There is no more dramatic expression of winter’s back being broken than the annual river ice breakup. Fighting against the ever present pressure of flowing water, river ice always exists on the edge. It gives way dramatically at the first sign of weakness. This winter, although it started otherwise, turned out to be another harsh one and enabled the River Raisin ice to reach a thickness in excess of one foot. The river finally broke up last week and, true to form, it was a spectacular event.
First piling up at the Waterloo Bend, the mass of fractured ice eventually jammed up downriver at Hellenberg Park last Saturday. The weekend flow temporarily backed up onto the flats and deposited a field of huge blocks over the grass. The Baseball diamond was populated with a hundred new “base pads.” There would be no spring training on this field until after a week of warm weather permits it. A few Ring-billed Gull outfielders, waiting for their first crack at a fly ball, waded through the puddles.

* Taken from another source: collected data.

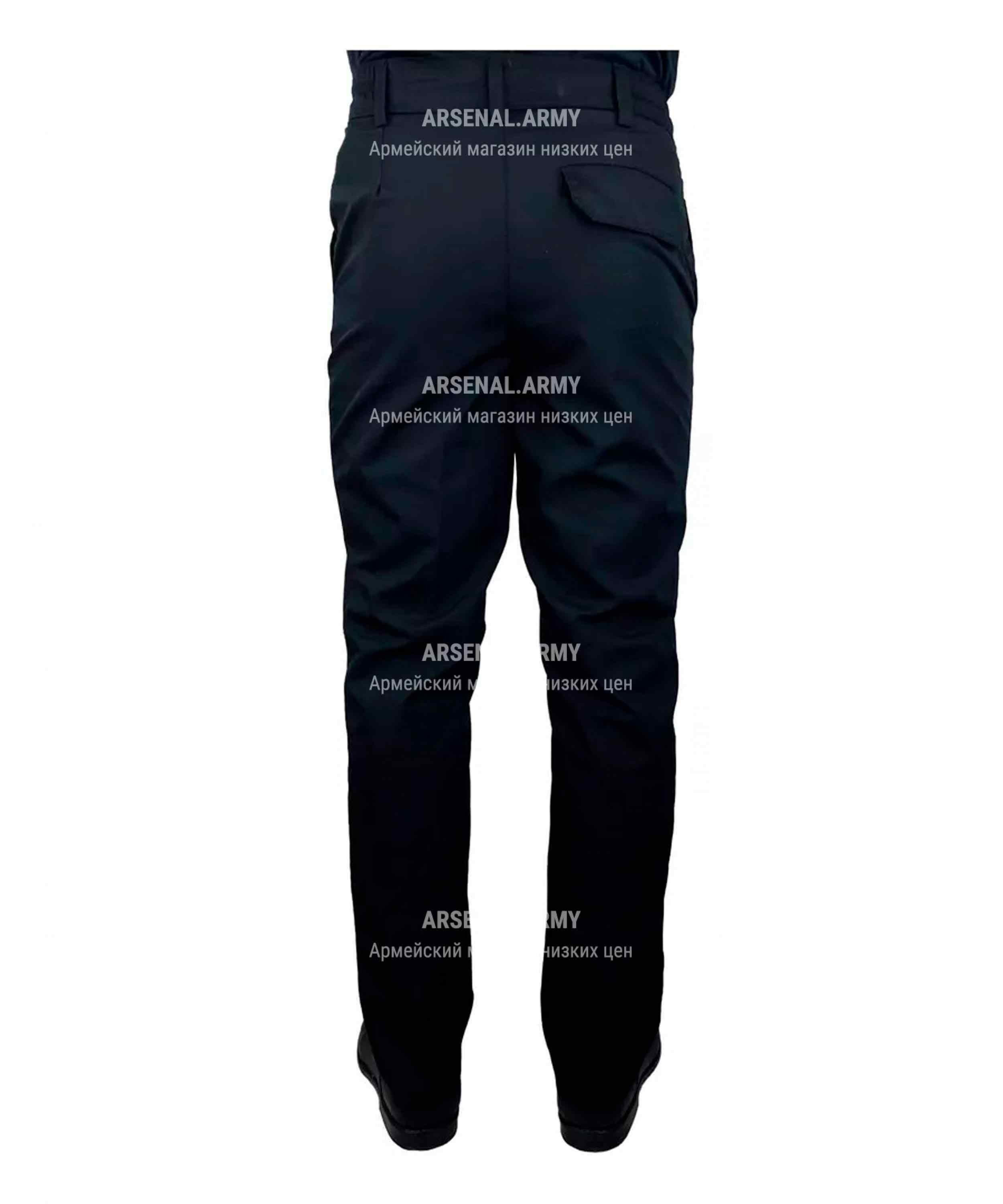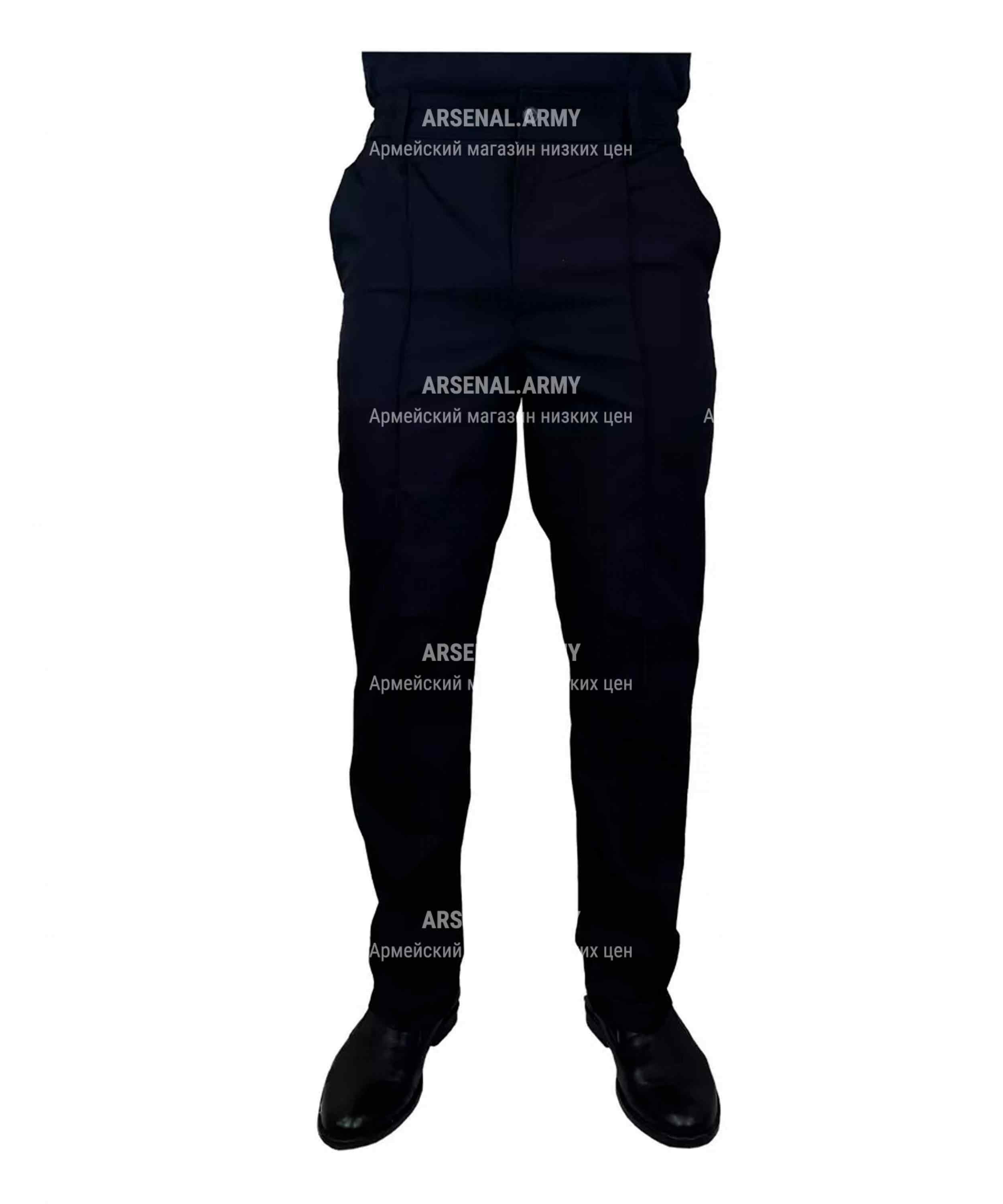 Брюки прямые, классического покроя, с двумя прорезными карманами. В пояс вшиты эластичные стяжки. Застёгиваются на пуговицу и молнию.
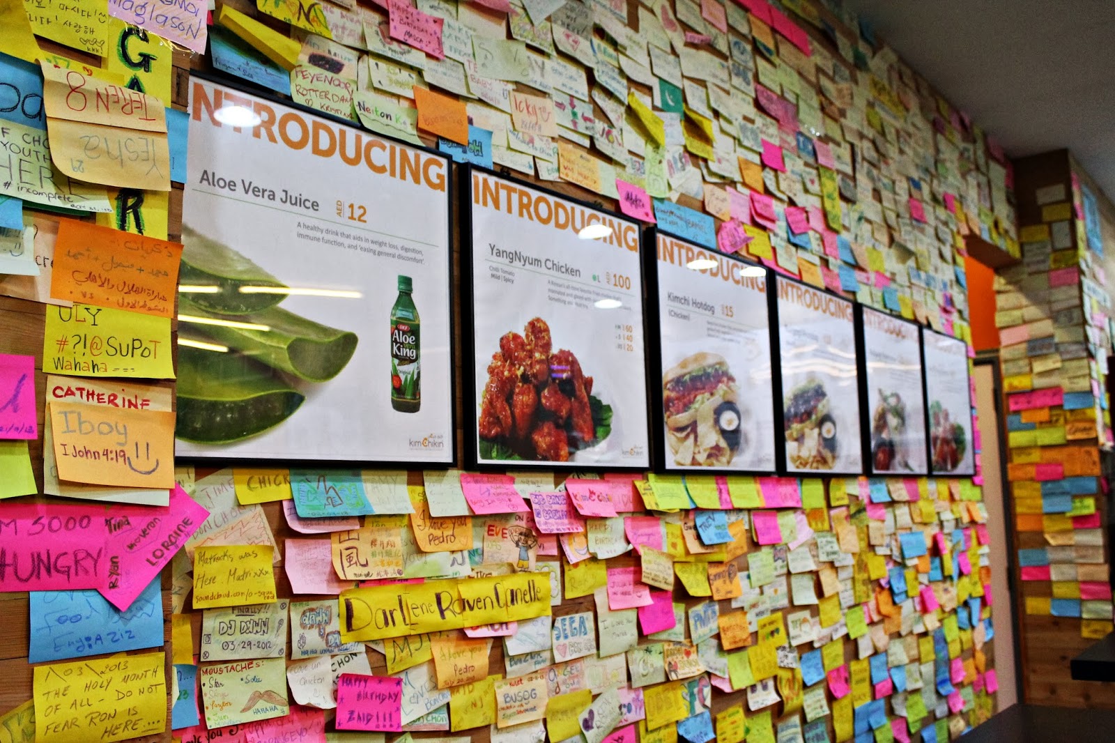 It's not hard to locate because the restaurant is well lit and has colorful "post-it" notes on its walls! YES!-Post-it notes sa dingding mismo ng kainan! This really modern and smart gimik makes the restaurant more interesting lalo na for this generation na mahilig mag-social network and or course, take pictures.
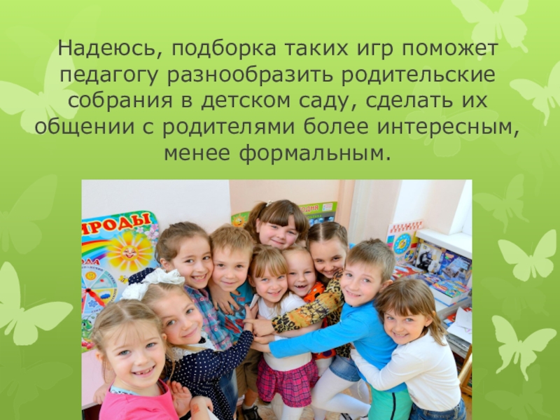 Слайд 12Надеюсь, подборка таких игр поможет педагогу разнообразить родительские собрания в детском
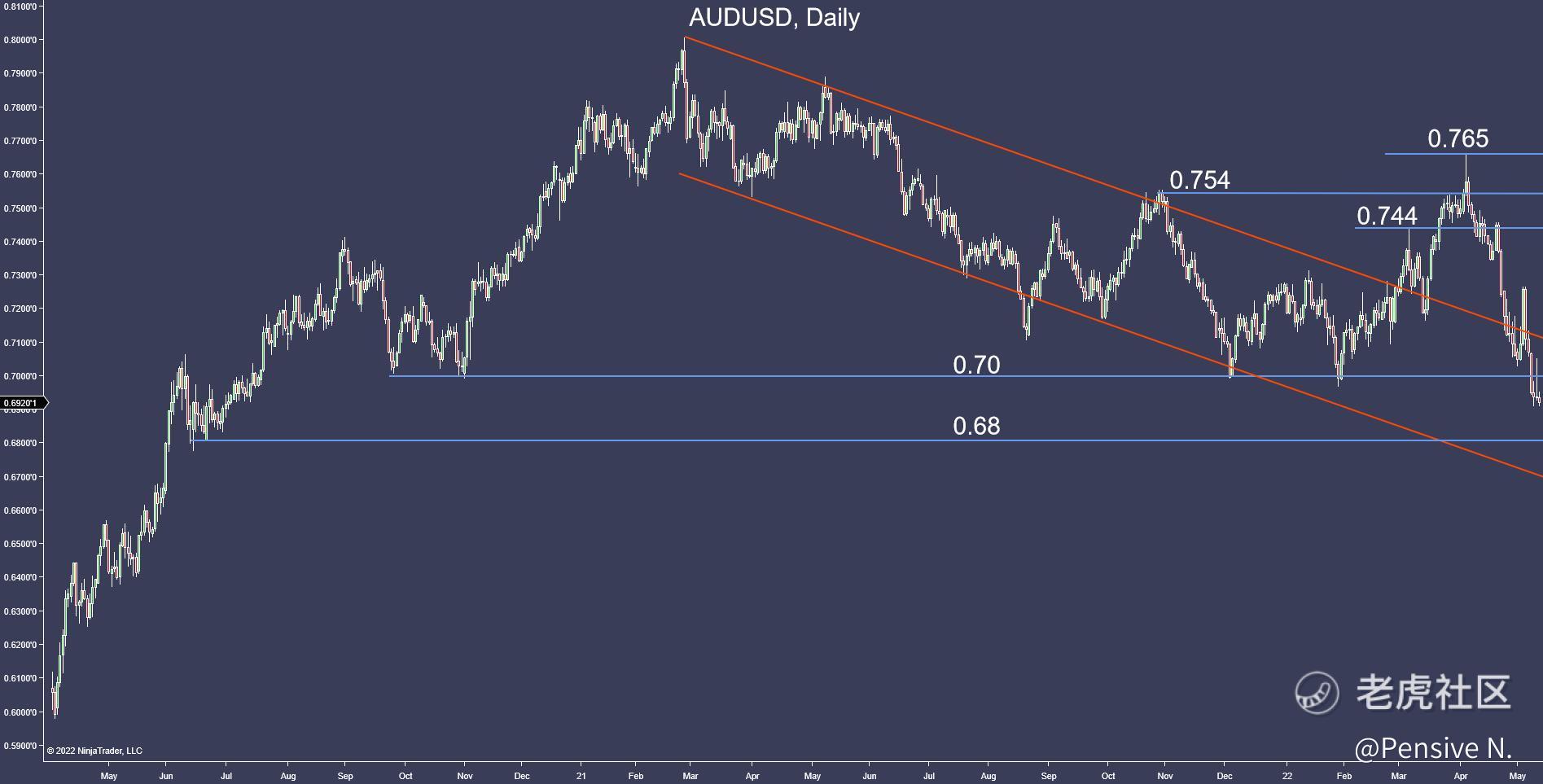 - It has broken below critical support at 0.70, and is likely to test support at 0.68 soon
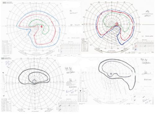 Figure 4: Goldmann visual fields in cases of NA-AION showing typical inferior defects.
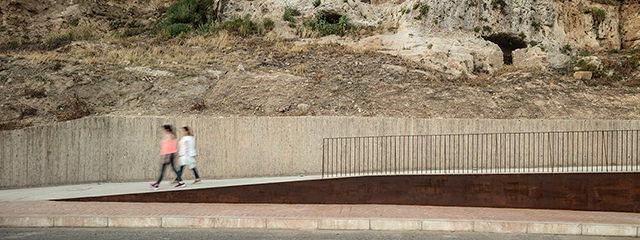 Para la puesta en valor del Caño de Hierro se propone un paseo peatonal, que parte de la carretera de acceso al pueblo y que culmina en la mayor de las cuevas, la Cueva de las Carretas. El paseo debe salvar los nueve metros en altura y el margen en superficie para resolver el ascenso es limitado. Se trazan seis muros de contención, seis cortes en el terreno, de los cuales resulta el paseo peatonal, un trazado geométrico que resuelve el ascenso y la transición de una vía rodada a un entorno natural, agreste.
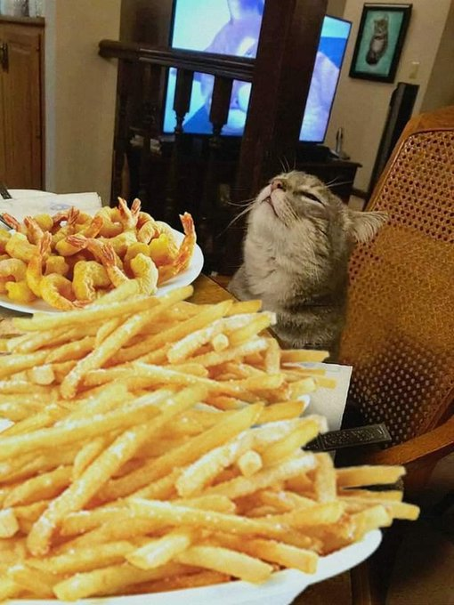 The look on that kitty’s face says it all. Bet he gets some! (With lots of tarter sauce, yum)

Out on the river the ice jam filled the channel from shore to shore as it waited out the breaking of the river mouth ice. The jumble of ice blocks created a tortured landscape – an icy version of a construction landfill filled with broken pieces of building concrete. Perhaps the most surprising aspect was the sheer amount of wood in the pile. The winter’s accumulation of mangled branches, tree trunks, and lumber was staggering.
Several robins and a flock of Grackles hopped among the branches in the ice field. They seemed to find assorted “goodies” amid the chaos, although one can only imagine what they were. If indeed Robins were a true sign of spring, I would title the photograph below as “Dual Signs of Spring – Red-breast riding the Breakup.” Unfortunately, because this particular robin was probably one of the regular winter residents it would be wrong to assume he was a recent arrival. I’m not afraid of being wrong, however, so I’ll put the picture up anyway.
The whole scene got me to thinking about the ice age. Much of our landscape was created by continental glaciers grinding their way across the continent, collecting boulders, rocks and soil along the way, and depositing them hundreds of miles away. Each chunk of river ice was a mini glacier of sorts – it is far from pure. Large rocks, and even some boulders, were embedded in their matrix. Buckets of soil, trapped within the layers of accumulated freezing, were being transported from their origin some 50 miles away. On small scale, the melting edge of each block could be mistaken for the leading edge of a glacier. I was hoping to find a tiny mammoth melting out of one of the chunks, but was disappointed.
The final stages of the breakup were starting as I observed the scene. Every so often the whole mass crept forward – robins, timber, rocks, and all. A dull rumbling, accompanied by tinkling ice cube notes, filled the air. It would come to a grinding halt after a few minutes.
Sometime over the course of that evening, the whole dam thing flushed out into Lake Erie. I’m sure it made an impressive sight and sound but I wasn’t there to hear it, (you know what they say about “if a tree falls in the forest and no one is around to hear it does it make a sound?”). Regardless of the lack of witnesses, the river was ice free and flowing freely in the following dawn’s light. Spring had arrived on the fractured back of a river.